This is still an issue as of 1.16.2. It also seems to have migrated to MC-183518 with additional information. It doesn't appear to be getting traction there either. I'm surprised considering how many MC servers are hosted on VPS. At the end of the day, it's just under $20 USD per year in wasted electricity for me, and having one fewer core to borrow idle time from in my host. In the meantime, I posted information in the comments on the above-linked issue.
I've been running a vanilla Minecraft server with no add-ons for many years, and I can confirm that this issue is still present in 1.16.2. Because so many Minecraft servers are hosted on virtual private servers, this issue seems fairly serious. I have tested this with a KVM hypervisor running Debian 10 and a guest running Debian 10 (CLI only) with 6GB of RAM dedicated to it. I tried:
Setting the vCPU allocation to 1, 2, and 3 in separate tests;
Setting the ethernet interface as Virtio or e1000 in separate tests;
Changing between ePoll and default channel types (use-native-transport in server.properties);
Changing various clock sources in the guest.
Note on that last bullet point that the host is using TSC as its clock source. The guest, as is expected, locks out TSC as unstable and uses kvm-clock (preferred), hpet, acpi-pm, etc. instead. Without native TSC, all other clock sources are virtualized which, I believe, involves context switching to the hypervisor for timing inquiries.

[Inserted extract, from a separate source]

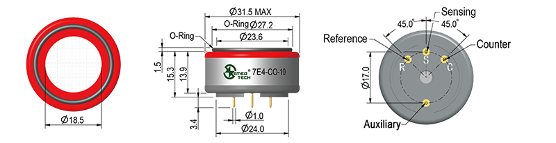 SemeaTech 4-Electrode CO Sensor - 7E4-CO-10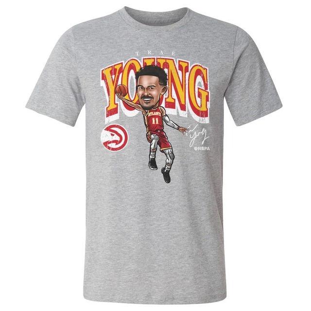 【NBA】 トレイ ヤング アトランタ ホークス バスケットボール Cartoon Tシャツ グレー A-C-BNLCHGR-XX-0775-001-01-6SH

While I don't understand the structure of Minecraft server under the hood, I would expect that if it uses spin-waits that involve timer checks, it may result in a ton of context switching to the hypervisor to service those. This could possibly be overcome by estimating the typical time each cycle of the spin takes and spinning a certain number of times between clock checks to minimize the context switching while delivering a reasonably high degree of timing accuracy.
These images were taken from a completely idle 1.16.2 instance a few minutes after it completed its start-up.

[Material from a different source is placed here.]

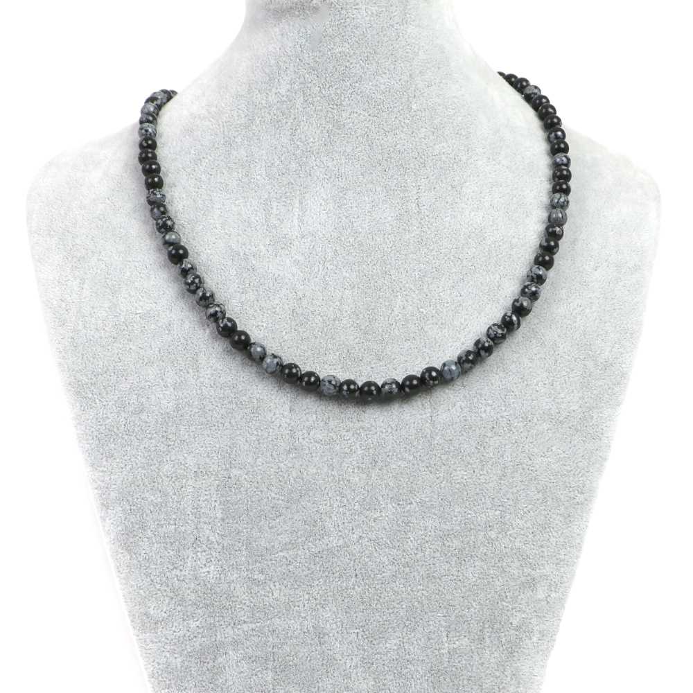 シンプルストーンネックレススノーフレークオブジディアン【丸玉】6mm【天然石ビーズパワーストーン】

[media]Information from "top" as seen from the guest running an idle Minecraft server. The java process is shown.
[media]
Information from "virt-top" as seen from the host. The subject guest is shown.
[media]
Information from "top" as seen from the host. The subject guest process is shown.

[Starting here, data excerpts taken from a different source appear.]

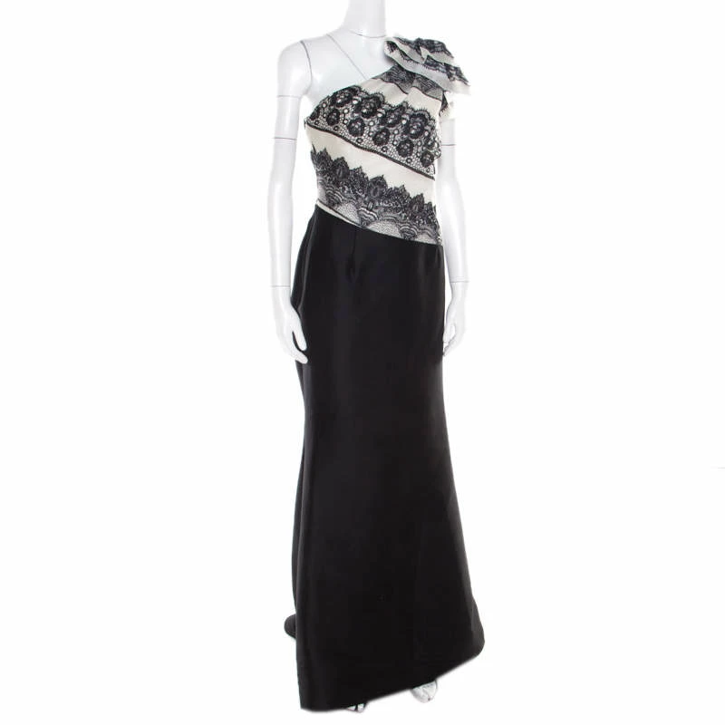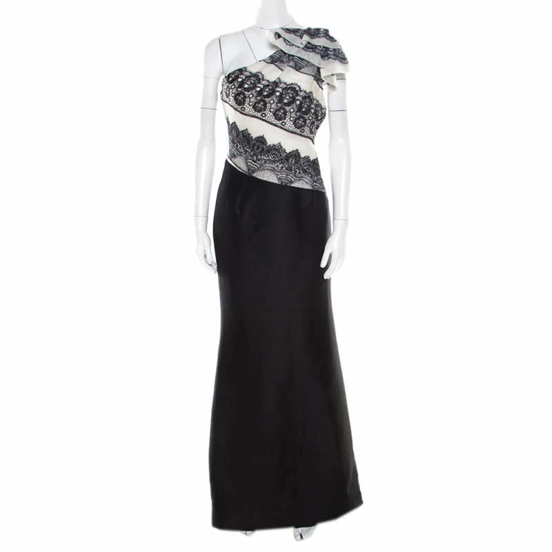 This one shoulder evening gown from Carolina Herrera is sure to make you the centre of attraction and grab you never ending compliments! The monochrome creation is made of 100% silk and features a flattering feminine silhouette. It flaunts a lace print and a ruffle detailing on the bodice and the shoulder strap and comes equipped with a zip closure. It’ll look best with an embellished clutch and platform sandals!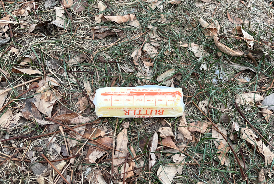 Dad saw the butter on the gorund walking to work. Mom said he should pick it up - that's $2 worth of butter at current prices. (She was kidding about picking it up, but no joke about butter prices - they're crazy!)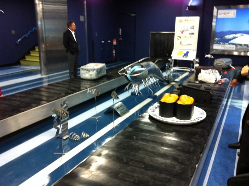 久しぶりの九州への旅行、今回は別府から阿蘇へと向かうことにしました。大人のわれわれには温泉やおいしい物が待っているし、子供には城島公園のような大きな遊園地や阿蘇ファームランドような場所での動物とのふれあいもありそうだしということで。大分空港の荷物受け取りカウンターが面白かったのでちょっとパチリ。

Note that this appears to be the same or related to the issue listed in MC-154629, which a bot claimed was resolved but appears to have not been.
To the developers: Thank you for your time looking into this issue.
Thanks to Michael Meier's additional information and workaround, I tried some related configuration changes. It doesn't solve the problem entirely, but using a stock Debian 4.19 kernel, I added the following two kernel configuration parameters in the Grub bootloader on the guest that runs Minecraft: nohz=off highres=off
I don't see a kernel parameter to drop the periodic tick to 100Hz from the Debian default of 250Hz.
However, just this change dropped the idle server from holding a core at 100% down to roughly 8% utilization. The game server seemed to run fine, although more testing is needed. It's still not a perfect fix, but this might be the easiest "fix" for a while.
This should work with other recent kernels and other Linux distributions, but I haven't tested on any other setups.